I used to hate this notion: that you could employ half a dozen former dockers to fit a car’s windscreen wipers and it would suddenly become all John Bullish and strut around shouting ‘two world wars and one world cup’ every time it saw a BMW. But I note that the new Primera is not only being built in Britain. It was designed here, too, and it isn’t even being sold in Japan. Nissan has woken up to the fact that Ford and Vauxhall are perceived to be European because the cars they make here are designed here and, generally speaking, are not sold in America.

So the new Primera: what’s it like? Well, I’ve just spent a week with one and, to be honest, it’s like a Japanese saloon car. It looks like a Japanese saloon car. It drives like a Japanese saloon car. And this is not a criticism. There’s
nothing wrong with Japanese saloon cars providing they don’t pretend to be Moroccan or Portuguese. This new car is European. It just doesn’t feel it, and that’s not the same thing at all.

Like the old model, the new one is almost wilfully boring to behold. They’ve fitted a new nose, but it looks like a tongue, and round at the back it looks like… do you know, I can’t remember. And I can’t picture the side either – just that tongue at the front.

Inside, it’s grey. It was probably black or brown, but I remember it as grey. As far as space is concerned, it is fine. I could sit behind myself, if you see what I mean, and there were lots of little nooks into which the sales rep could put his electric razor and gum.
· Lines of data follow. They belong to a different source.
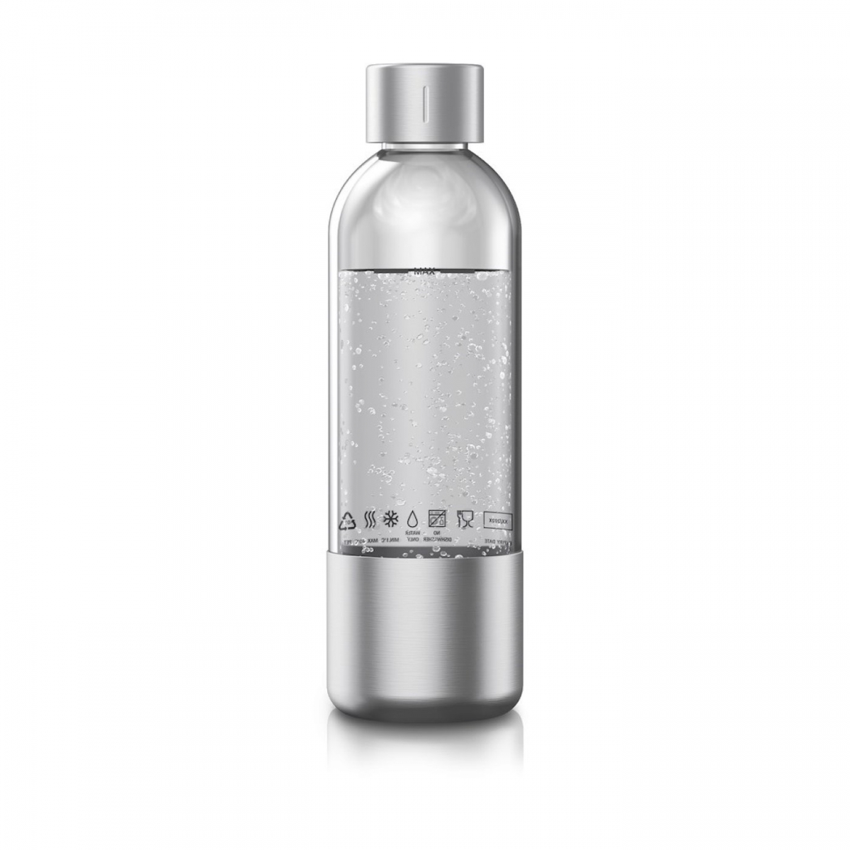Butelka wymienna do saturatora WMF Element One o pojemności 0,75 l, wykonana z trwałego tworzywa PET i stali nierdzewnej. Stalowe elementy są zdejmowane, a na korpusie umieszczono datę minimalnej przydatności. Przeznaczona wyłącznie do mycia ręcznego.
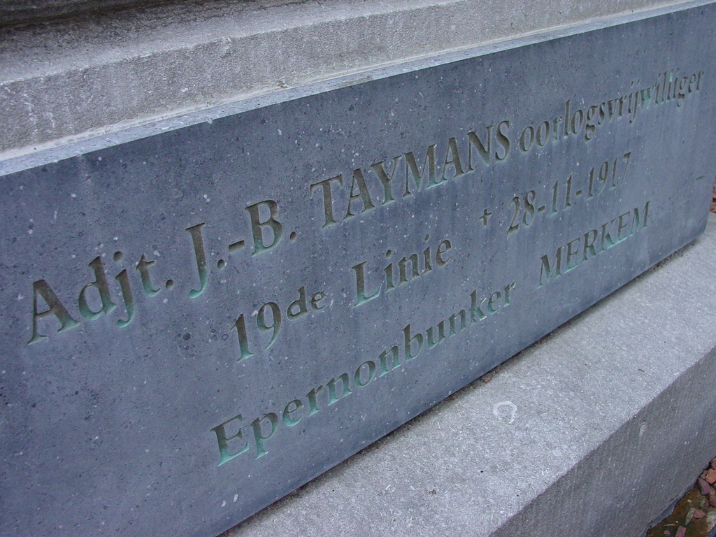 Merkem: 19de Linie Gedenkzuil: Gedenkplaat Taymans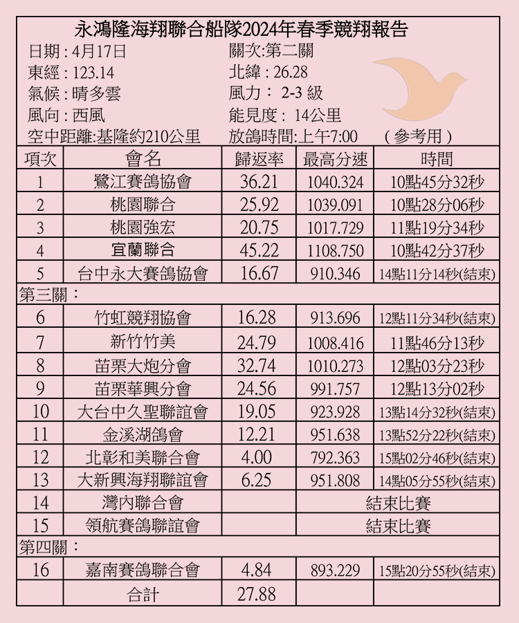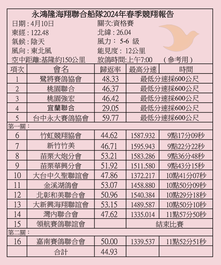 2024年永鴻隆聯合船隊春季比賽各關歸返率一覽表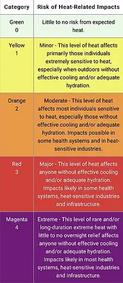 Prevention includes avoiding medications that can increase the risk of heat illness, gradual adjustment to heat, and sufficient fluids and electrolytes.[49][50]Exposure to extreme heat poses an acute health hazard, especially for people deemed as vulnerable.[51][52] Vulnerable people with regard to heat illnesses include people with low incomes, minority groups, women (in particular pregnant women), children, older adults (over 65 years old), people with chronic diseases, disabilities and multiple long-term health conditions.[51]: 13 Other people at risk include those living in urban environments (due to the urban heat island effect), outdoor workers and people who take certain prescription drugs.[51]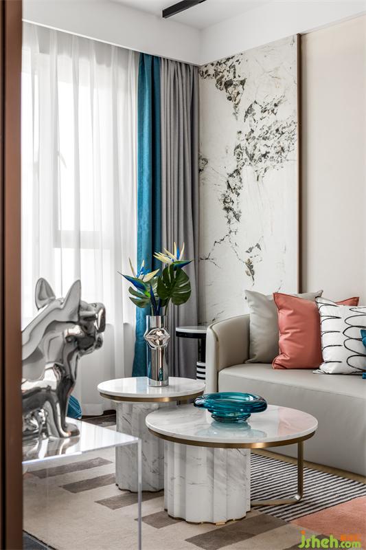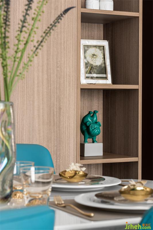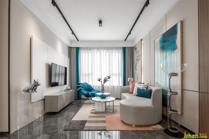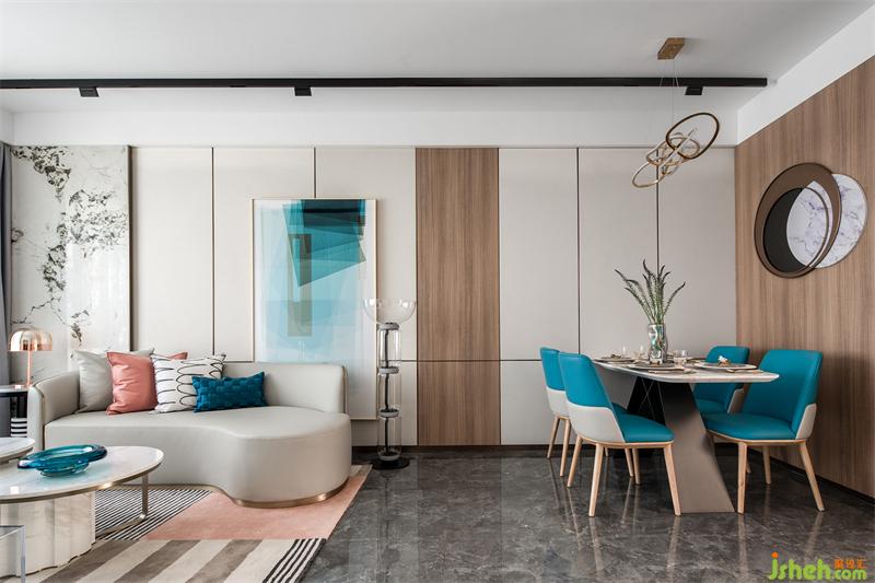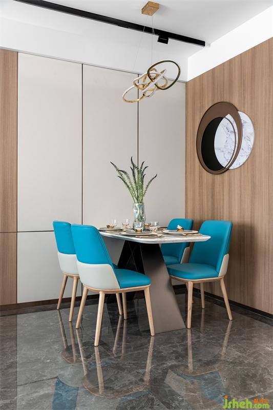 高調(diào)的湖藍色給人年輕、活潑和浪漫的感官體驗 ,暖色空間融合些湖藍色顯得溫馨又極具張力,空間收納萬千寫意。用色彩的純度傳遞個性的符號,視覺上張揚且不失格調(diào),我們通過對線條與色塊的巧妙應(yīng)用營造出舒適、自然、藝術(shù)的空間感受。

But you know, sitting there in the showroom, the new Primera is like the old Primera. Just another car. Just another way of spending £15,000 on four doors and a seat. To see why this car is so good, you need to take it for a drive.

Now, I know I had the 2-litre super-sport ripsnorter, so of course it was good. But the chassis on this new car is little changed from the chassis on the old, so even the lowly models will have handling way above their station. This is perhaps the only repmobile out there that is genuinely good fun to drive.

I must say the five-speed gearbox was a bit vague, but you could always opt for the hyperdrive auto with six-speed sequential override. I have no idea what this is, but it sounds fab. As does the engine. At high revs it makes an angry, growly noise which urges you to explore that handling prowess.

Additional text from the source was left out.